Question

Prove f= ma where the notation have their usual meaning

Answer 1

Answer -

The formula of force, F = ma is given by Newton's second law of motion.

According to the Newton's second law of motion, rate of change of momentum is directly proportional to the applied unbalanced forces.

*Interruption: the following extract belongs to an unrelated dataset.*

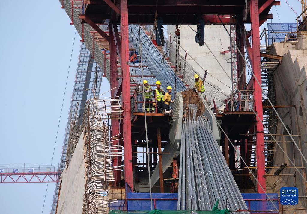 工人在廣西龍門(mén)大橋項目建設工地進(jìn)行主纜緊纜施工(5月1日攝)。

$\boxed{\purple{\rm{ Rate\: of\: change \:of \:momentum \propto Force \:Applied }}}$

Forming the equation -

Let a body with initial velocity u and after applying a force F on it its velocity becomes v in time t

$\longrightarrow$Initial momentum of a body = $\sf mu$

$\longrightarrow$Final momentum of body = $\sf mv$

$\longrightarrow$Change in momentum in time = $\sf mv - mu$

Hence, rate of change of momentum

$\sf = \frac{mv - mu}{t}$

But according to Newton's second law,

$\boxed{\sf \frac{mv - mu}{t} \propto F}$

$\implies\sf F \propto \frac{m(v - u)}{t} \: \:\:\:\:\:\:\:\:\:[\frac {v - u}{t} = a]$

$\implies\sf F \propto ma$

$\implies\sf F = kma \:\:\:\:\:\:\:\:\: \\ ( \sf k\: is\: proportionality\: constant)$

$\implies\sf k = 1$

$\boxed{\sf\red{F = ma} }$

Hence proved